Sayes believes people should be worried about toxicity or toxicities in general, be it exposures to pharmaceuticals, chemicals, environmental agents, or engineered nanomaterials. An engineered nanomaterials is just one of many things that we should be aware of.
“I’m concerned about the mixtures of things I’m exposed to,” she said. “I’m not so worried about the nanomaterials that might be in my sunscreen that I apply to my face in the summertime, but maybe it’s the co-exposure of the sunscreen plus breathing in some poor air quality or maybe water drinking water that had contamination. It’s the combination of multiple exposures and the persistent exposures and accumulation of multiple materials that really is understudied. And that’s probably where the biggest uncertainty is.”

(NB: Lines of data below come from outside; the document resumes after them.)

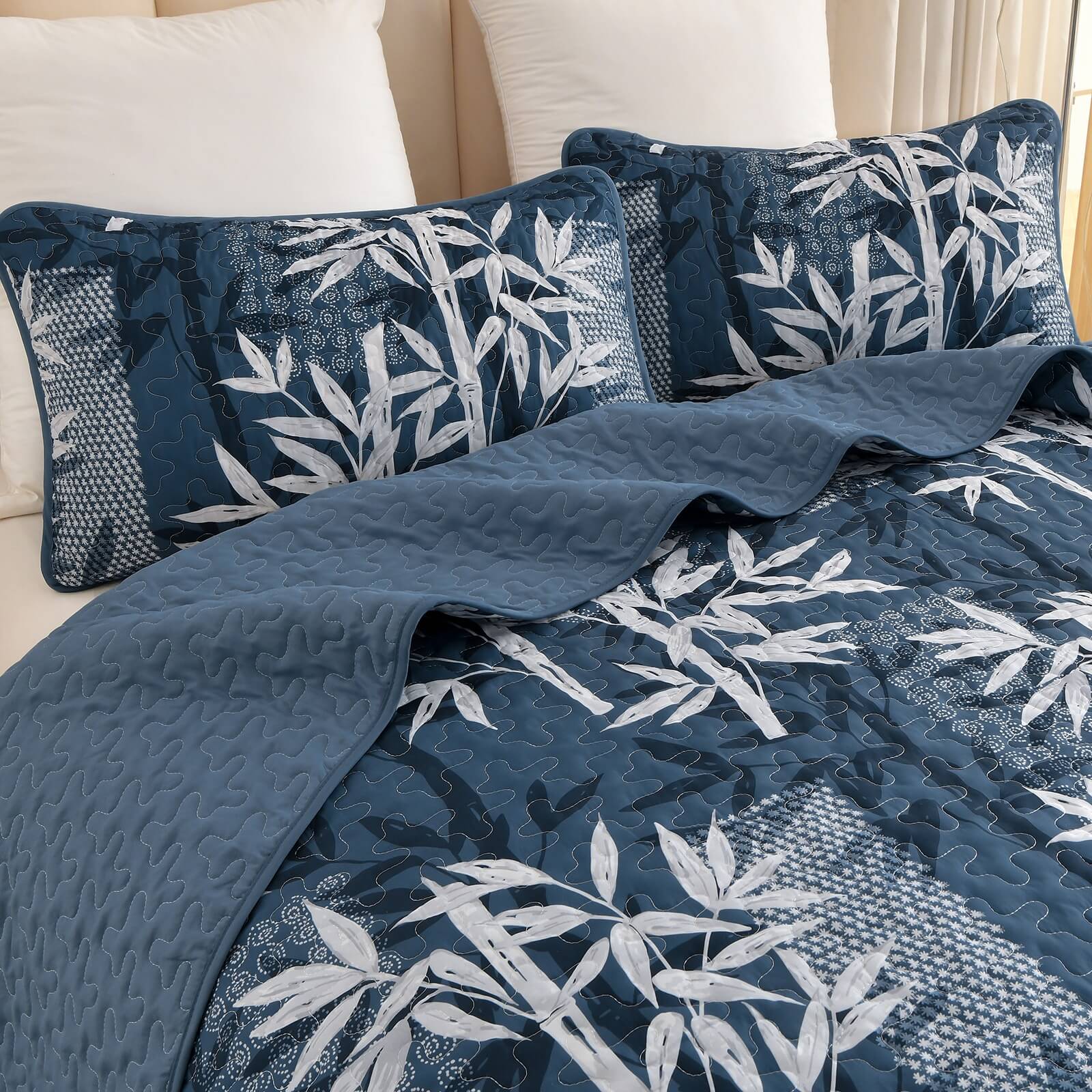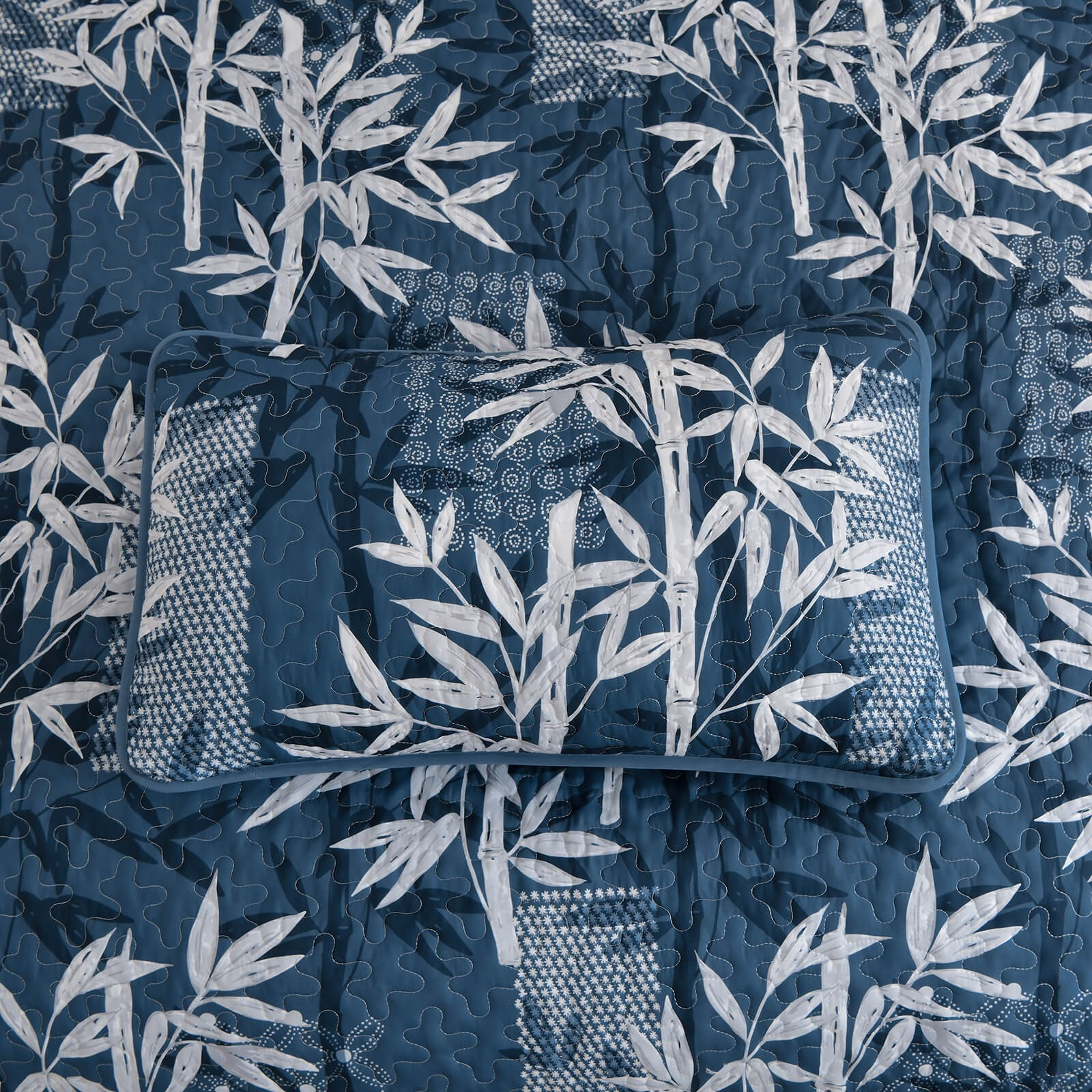 Dark Blue Botanical Quilted Bedspread Coverlet Set (3Pcs)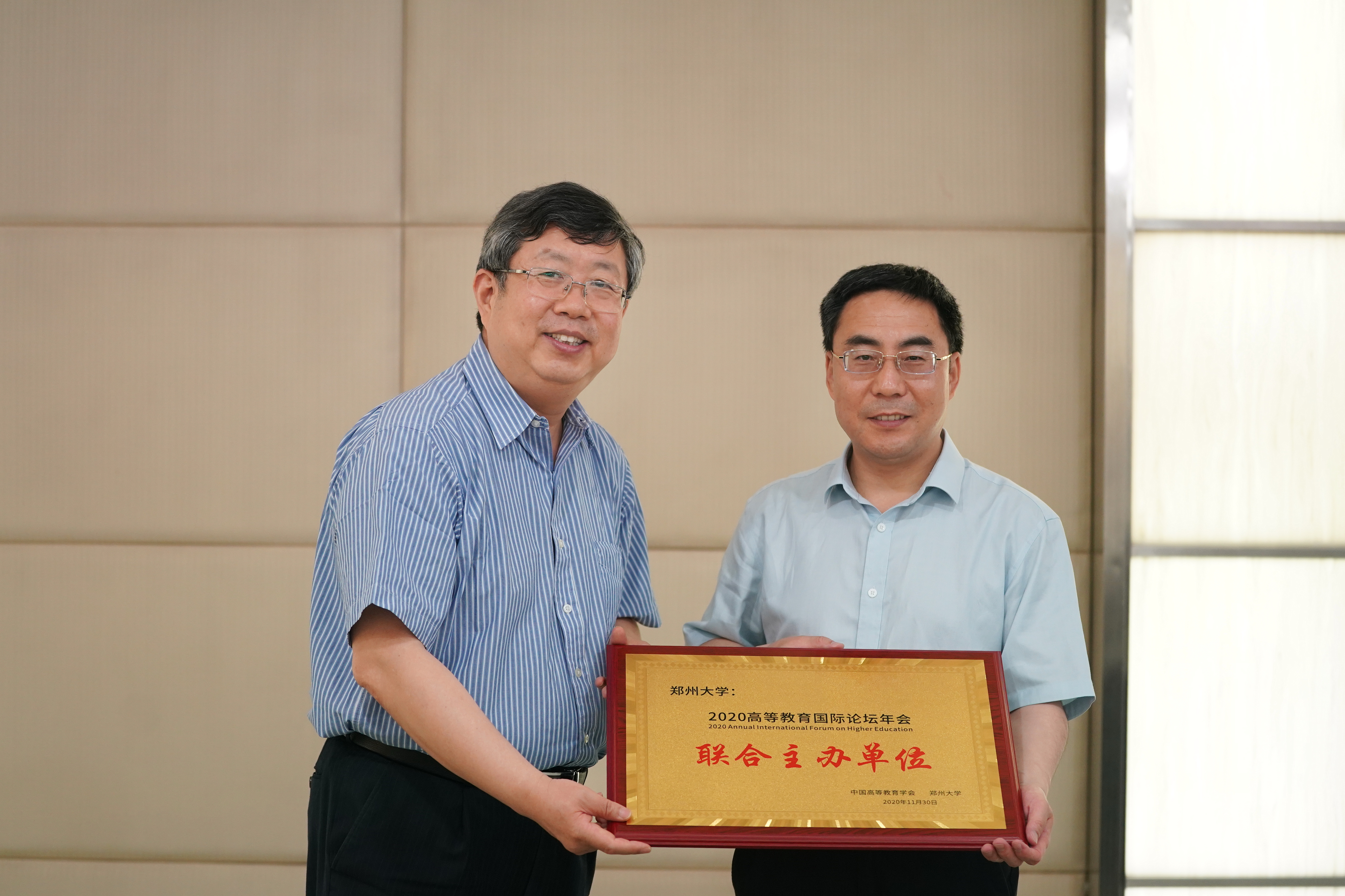 会上,郝清杰、高晓杰为举办单位颁发纪念牌,刘炯天、吴宏阳、陈松领、王海军分别代表今年会官网、地方大学教育研究分会、正方软件股份有限公司、奥鹏教育接牌。(魏洪波 摄影)
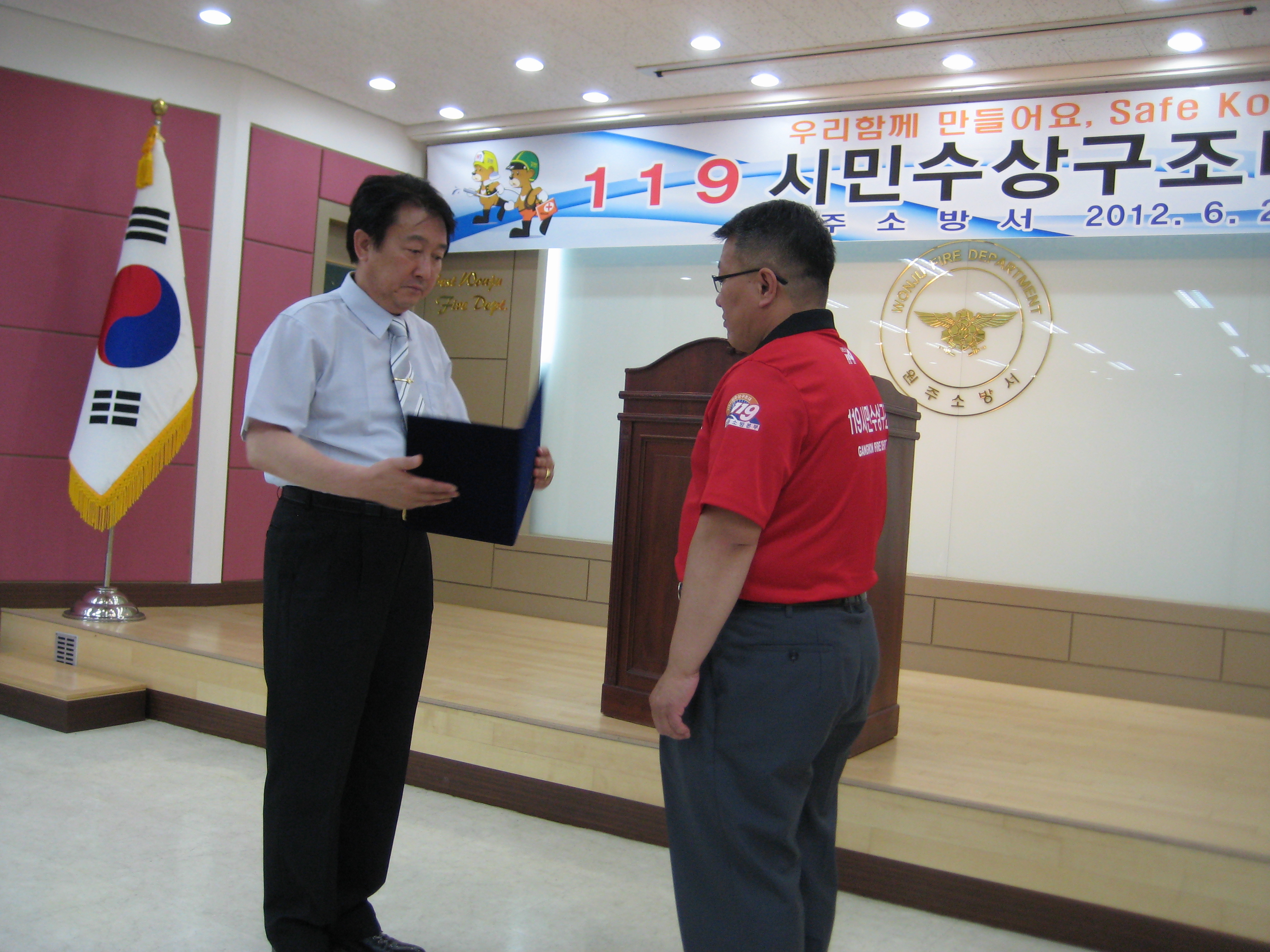 ?원주의용소방대(대장 조성일)는 6월28일 14:00 ????원주소방서에서 2012년 하계 수난구조대 발대식을 서장님과 연합대 남,여대장이 참가하여 실시했습니다. 수난구조대에 위촉된 원주의용소방대 전대원은 7월1일부터 8월26일까지 칠봉유원지에서 수난안전요원으로 매일 10시부터 18시까지 실시합니다

Not that science hasn’t made progress.
“The toxicology community has a pretty good idea of what the toxicities are for exposure to individual materials, but we do not have as good of an understanding if we’re exposed to multiple nanoparticles simultaneously, or a nanomaterial plus some other type of contaminants,” she said.
The environmental impact is equally alarming. Nanoparticles released into water, soil, and air through industrial runoff, wastewater, product breakdown, and agricultural use spread through ecosystems and accumulate in sediments and organisms. Algae, crustaceans, and fish exposed to nanoparticles experience stress, physical disruption, impaired feeding, reproductive failure, and organ damage. Some nanoparticles release toxic ions in water or react to generate harmful compounds that make them even more damaging. Ecosystems are destabilized as effects ripple up the food chain. Photosynthesis in algae falters, small invertebrates fail to feed, and larger animals show systemic stress. Toxic nanoparticles in water have already been linked to population declines and impaired ecosystem functions.
Questionable Wildfires and What They Put in the Air
Between 2019 and 2021 unprecedented, massive, unusual fires burned across multiple continents. 2021 was especially intense. On top of that, the skies were filled with visible atmospheric spraying, often presented as “weather modification.” No one knows how that spraying interacted with the fires or how it dispersed nanoparticles already in the air, but the combination would have amplified exposure in ways nobody studied.
High-temperature fires do not just make smoke. They break materials down into ultrafine particles, often smaller than 100 nanometers. At that size, particles behave almost like a gas. They linger in the air, travel long distances, settle deep in the lungs, and even enter the bloodstream. Heat also changes particle chemistry, which matters because the body runs on delicate electrical and chemical balances. Lungs, blood vessels, clotting systems, and cellular networks all respond to what touches them. Smaller, more reactive particles are far more disruptive. After weeks of haze and fires, entire regions saw waves of severe respiratory collapse. People developed crushing shortness of breath, abnormal clotting, vascular inflammation, and imaging patterns doctors labeled as “COVID lung.” Ground glass patterns, diffuse inflammation, catastrophic lung damage. It. Is. Not. From. A. Virus.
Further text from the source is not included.